I want to be clear that I’m not saying Democrats should abandon the policy-level fight against the GOP, whether it be in the realm of economics, social justice, or the environment, in favor of talking all democracy, all the time. Neither am I saying that the Democrats should give a pass to GOP sabotage of democracy that doesn’t amount to full-on imposition of an authoritarian regime. However, talking about the big picture — the conjunction of democracy and freedom, of democracy and both physical and material security — in the context of the extreme threat posed by Donald Trump and the GOP provides a powerful narrative for rallying opposition to Republican erosion of the majority’s ability to wield power. Doing so might also provide a fresh perspective on policies that bear not just on democracy but on the nature of the free and secure society that most of us want (for instance, how restrictions on abortion eviscerate women’s freedom and equality, as well as undermine their security by leading to needless death and misery, and how this erosion of freedom is a direct consequence of a general degradation of democracy).

If Donald Trump is stupid and malign enough to openly signal his deranged dictatorial plans for a second term in office, then Democrats and others should be smart enough to use such unprecedented political evil to savage and otherwise demolish both him and the political party that provides Trump such a welcoming home. Engaging in a substantial public discussion about the nature of democracy and the world it makes possible is essential to delegitimizing the Republican Party in the eyes of the American majority — a delegitimization necessary not just for Democrats and democracy supporters to win in 2024, but to continue rolling back this authoritarian tide over the coming years.
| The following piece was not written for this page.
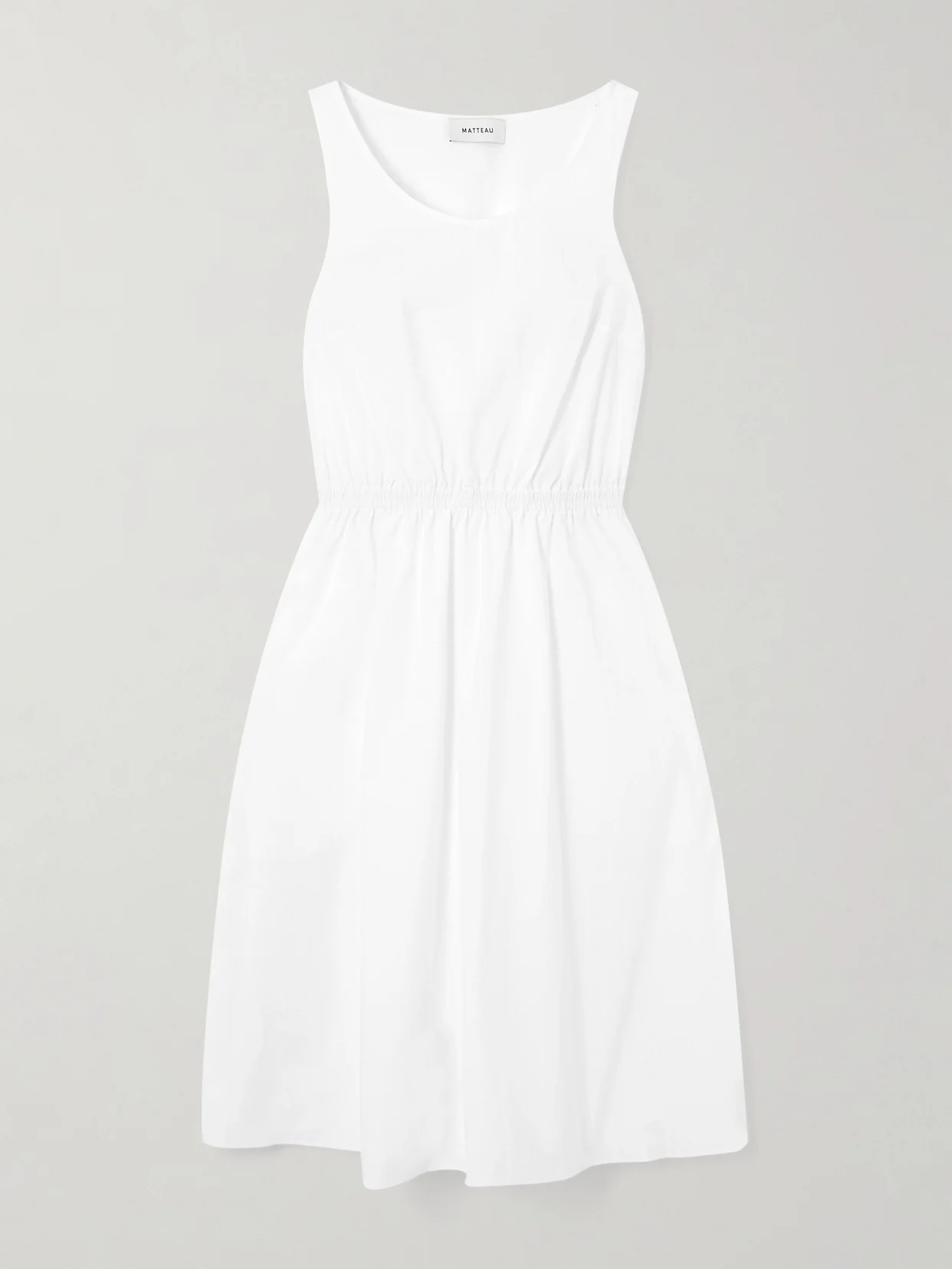 Breezy, effortless and comfortable, Matteau's dress is perfect for summer. It's made from lightweight organic cotton-poplin and has an elasticated waistband and side pockets. Wear yours with sneakers or sandals. Lower-Impact Materials. This product is made using at least 50% lower-impact materials or ingredients. Find out more about our NET SUSTAIN criteria here.

As Trump secures the GOP presidential nomination and continues into general election mode, it is likely that the distinctions between the threat he poses versus the threat posed by the broader Republican Party will become all but meaningless. The GOP will doubtless close ranks around him, and in the name of party unity will either explicitly endorse, or tacitly endorse by their silence, his horrifying plans to remake American government and society in his own hateful image — even as the reward for his dominance is a host of policies pleasing to the far right and white Christian nationlists. As a defense against further authoritarian radicalization of the GOP, a Democratic narrative that links democracy together with mass belief in a free society may yet serve as a wedge — or even a sword — with which to take apart an emerging Republican consensus that is diametrically opposed to long-standing basics of American life and patriotism.